Builder defends big-scale garages

A monster garage with room enough for 20 RVs is under construction in a rural Lake Stevens neighborhood.

Outside, a sign reads “Out of space? Own a private storage unit.”

Just plop down $35,000 to own a 14-foot-by-36-foot garage.

The 276-foot-long building is proof that RV condominiums have arrived in Snohomish County.

“People continue to buy toys and have no place to put them,” said the builder, Dave Johnson of DB Johnson Construction. “There is a market.”

RVs, boats and ATVs can clutter a driveway on suburban postage-stamp lots, annoying neighbors, Johnson said.

He’s even applied to build another 3,000-square-foot garage on the same land.

“I don’ t believe there’s a trend; I don’t believe anybody is doing them besides us,” Johnson said.

Even so, Snohomish County officials feared such huge buildings were becoming a trend, taking advantage of what they called a loophole in county rules.

That perceived loophole was closed Wednesday by the County Council, which adopted emergency rules to bring scrutiny to garages larger than 1,800 square feet – about the size of a six-car garage.

Last week, county rules allowed garages to be built on residential property without standards, county chief planning officer Linda Kuller said.

It was a nod to rural Snohomish County land where garages were often built before a house, Kuller said. Big corrugated steel buildings have become part of the bucolic landscape in the rural county.

“There were no limits or standards on the size,” she said. Twelve garages larger than 4,000 square feet were built under county rules last year; four of them were larger than 9,000 square feet.

In 1995, the county approved 193 garages larger than 1,000 square feet; last year, there were 251.

Builders face restrictions if they want to build storage units, but not so with garages, Kuller said. Once builders figured that out, they reapplied to build garages.

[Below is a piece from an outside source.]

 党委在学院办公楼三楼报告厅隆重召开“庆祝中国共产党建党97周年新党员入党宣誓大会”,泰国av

“I don’t agree with the term ‘loophole,’” Johnson said. “These are simply allowable uses of properties.”

Johnson’s corrugated steel garage faces neighbor Rick Rice.

“This building is completely out of place in a residential neighborhood,” Rice said. “I’m a victim of greed.”

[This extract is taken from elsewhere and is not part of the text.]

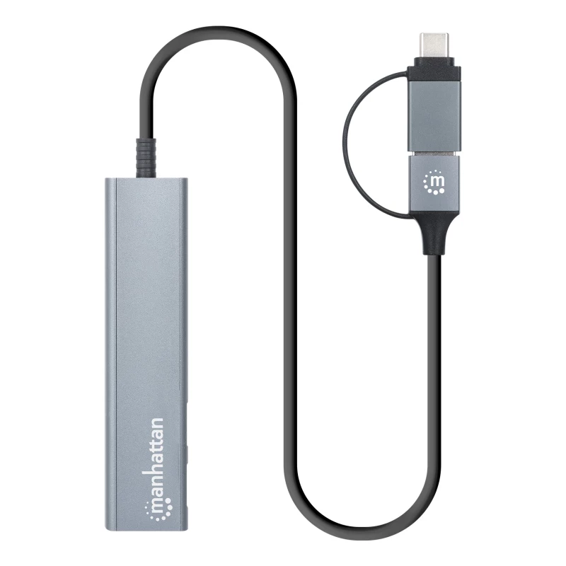 Manhattan Conector adaptable de USB-A macho a USB-C macho, dos puertos USB-C hembra y dos puertos USB-A hembra, USB SuperSpeed a 5 Gbps (USB 3.2 Gen 1), alimentación por bus, aluminio, gris espacial. Interfaz de host: USB 3.2 Gen 1 (3.1 Gen 1) Type-A + Type-C, Interfaces de concentradores: USB 3.2 Gen 1 (3.1 Gen 1) Type-A, USB 3.2 Gen 1 (3.1 Gen 1) Type-C. Velocidad de transferencia de datos: 5000 Mbit/s, Color del producto: Gris, Material de la cubierta: Aluminio. Tipo de fuente de alimentación: USB. Sistemas operativos Windows soportados: Windows 10, Windows 11, Windows 7, Windows 8.1, Windows Vista, Windows XP, Otros sistemas operativos soportados: ChromeOS. Ancho: 25 mm, Profundidad: 104 mm, Altura: 9 mm

There was no warning the building was going up, Rice said. Rice objects to the large garage next to his house because he feels it’s a commercial activity in a neighborhood.

Johnson also built a four-garage RV condo near Lake Goodwin in 2004, and three of the bays sold for more than $30,000 each.

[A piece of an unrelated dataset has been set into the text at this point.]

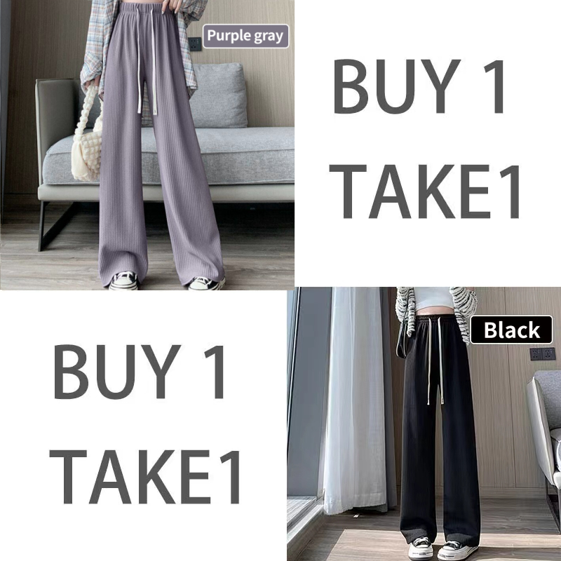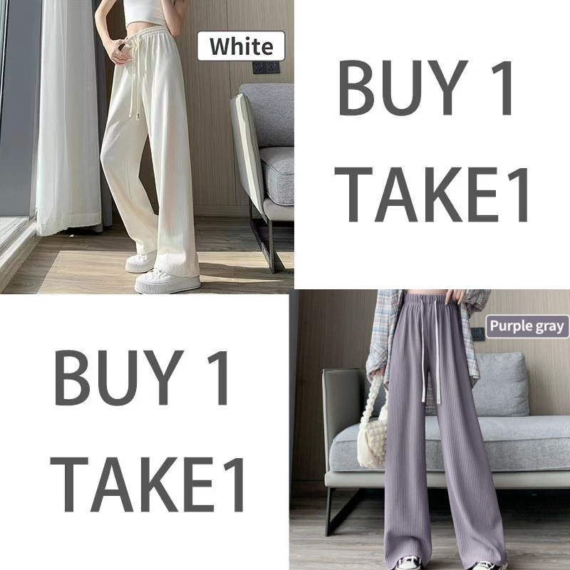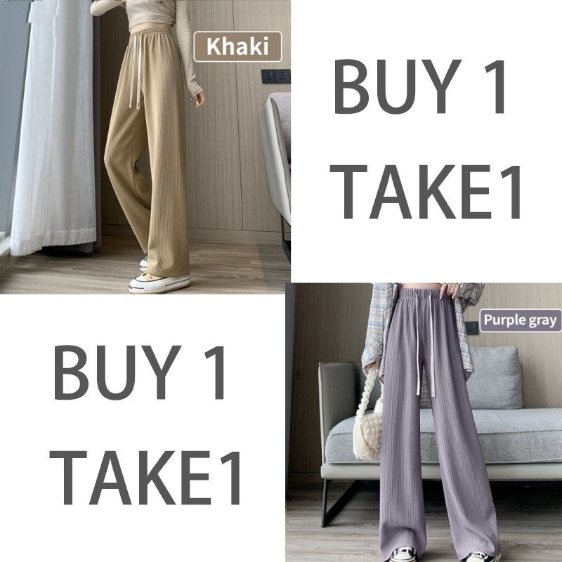 【BUY 1 TAKE 1】Pants For Women Baggy High Waist Pants Straight Plain Casual Pants Korean Drawstring

One of the garages went to Ray Mueller of Stanwood, who spent $31,500 for a 36-foot-long space. He intended it for an RV, but now it holds his 20-foot ski boat.

“It’s safe, it’s clean, it’s ours,” said Mueller, general manager of the Camano Island Windermere. “We’re gaining equity instead of just renting.”

The state Condominium Act allows buildings to be sold in pieces, and has been used for hangars at Paine Field, marinas and now RV garages.

Interim county rules are barred from singling out condos for special rules, so they instead attempt to impose building standards on big garages in general.

Final rules will follow public meetings with developers.

The county’s effort to restrict these kinds of buildings interferes with the market that has emerged to solve people’s space needs, Johnson said.

“It’ll put a stop to a lot of people’s business, and it’s cutting into ours and other people’s property rights,” Johnson said.